* Task goal: With the pictures removed, please write out every line below exactly as given.

[Material for this task Boundary: Start]

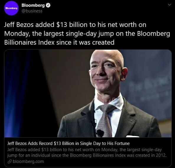 北京时间7月21日早间消息,据外媒报道,本周一,杰夫·贝索斯(Jeff Bezos)的财富一天内增长了130亿美元,这是彭博亿万富翁指数自2012年以来所记录的最大的单日涨幅。 当日,亚马逊的股价大涨7.9%,这是自2018年12月以来最大的单日涨幅。进入2020年以来,亚马逊的股价已经上涨了73%。 2020年迄今,尽管疫情导致美国经济陷入了大萧条以后最严重的危机,但是56岁亚马逊创始人、世界首富贝索斯的资产依然增加了740亿美元,至1893亿美元。如今,他的个人资产甚至超过了一些著名企业的市值,例如埃克森美孚、耐克和麦当劳等等。
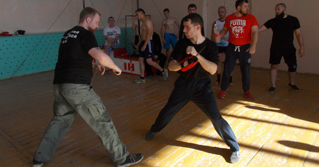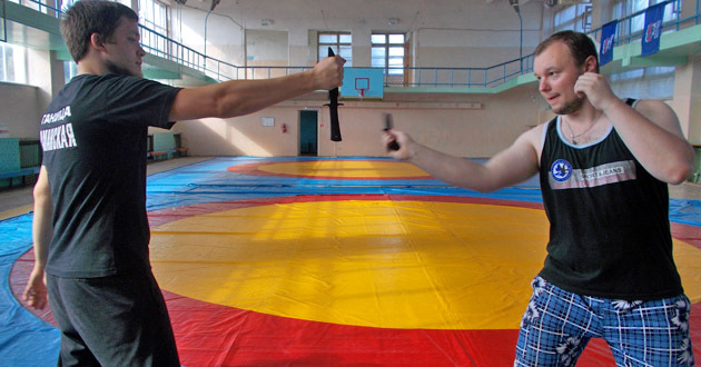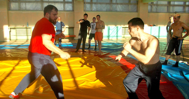 Дмитрий Демушкин (слева) проводит тренировочный бой
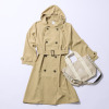 はっ水機能のあるフード付きのトレンチコートと、適度な大きさのトートバッグの2点セットです。
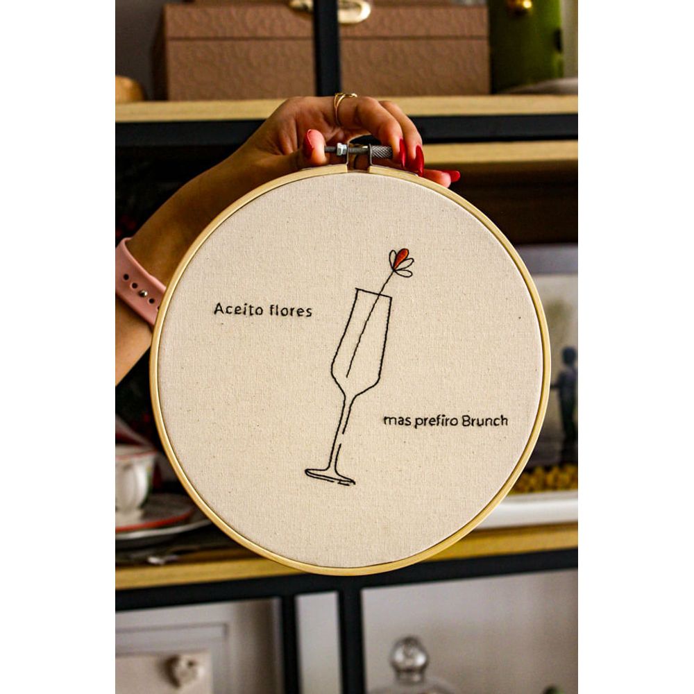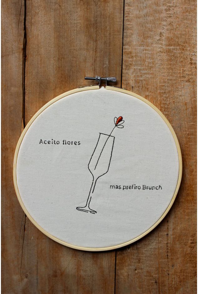 O bastidor bordado é uma delicada peça bordada a mão cheia de charme e humor, com a figura de uma taça com um ramo de flor inclinada, acompanhada da frase (Aceito flores, mas prefiro um brunch) com linhas em traços finos, sobre o tecido cru e borda em madeira pinus em tom claro, perfeito para quem aprecia pequenos detalhes e prazeres da vida. A peça ideal para decorar com estilo e poesia, lançamento mimo galeria mais do que uma simples decoração.
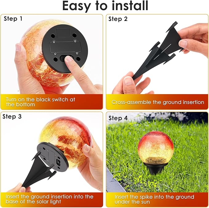 - IP65 Waterproof and Durably: Solar lawn lights decorative are fully enclosed by ABS and cracked glass. Durably construction and weather resistant feature of the solar ball lights outdoor. Our garden lights solar powered are made of IP65 waterproof upgrade and there will be no condensation, can be used in bad weather conditions such as rain, snow, ice, wind and so on
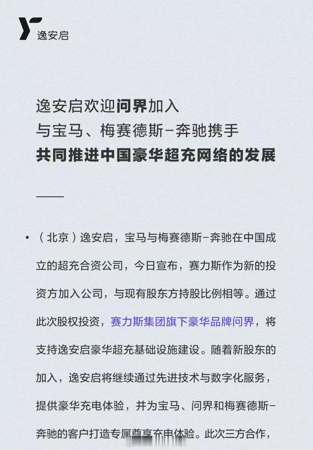 问界搞新玩法了,加入宝马和奔驰共同创立的超充合资公司逸安启,各自持有33.3%的

[Material for this task Boundary: End]

* Solved exercise:
 北京时间7月21日早间消息,据外媒报道,本周一,杰夫·贝索斯(Jeff Bezos)的财富一天内增长了130亿美元,这是彭博亿万富翁指数自2012年以来所记录的最大的单日涨幅。 当日,亚马逊的股价大涨7.9%,这是自2018年12月以来最大的单日涨幅。进入2020年以来,亚马逊的股价已经上涨了73%。 2020年迄今,尽管疫情导致美国经济陷入了大萧条以后最严重的危机,但是56岁亚马逊创始人、世界首富贝索斯的资产依然增加了740亿美元,至1893亿美元。如今,他的个人资产甚至超过了一些著名企业的市值,例如埃克森美孚、耐克和麦当劳等等。
 Дмитрий Демушкин (слева) проводит тренировочный бой
 はっ水機能のあるフード付きのトレンチコートと、適度な大きさのトートバッグの2点セットです。
 O bastidor bordado é uma delicada peça bordada a mão cheia de charme e humor, com a figura de uma taça com um ramo de flor inclinada, acompanhada da frase (Aceito flores, mas prefiro um brunch) com linhas em traços finos, sobre o tecido cru e borda em madeira pinus em tom claro, perfeito para quem aprecia pequenos detalhes e prazeres da vida. A peça ideal para decorar com estilo e poesia, lançamento mimo galeria mais do que uma simples decoração.
 - IP65 Waterproof and Durably: Solar lawn lights decorative are fully enclosed by ABS and cracked glass. Durably construction and weather resistant feature of the solar ball lights outdoor. Our garden lights solar powered are made of IP65 waterproof upgrade and there will be no condensation, can be used in bad weather conditions such as rain, snow, ice, wind and so on
 问界搞新玩法了,加入宝马和奔驰共同创立的超充合资公司逸安启,各自持有33.3%的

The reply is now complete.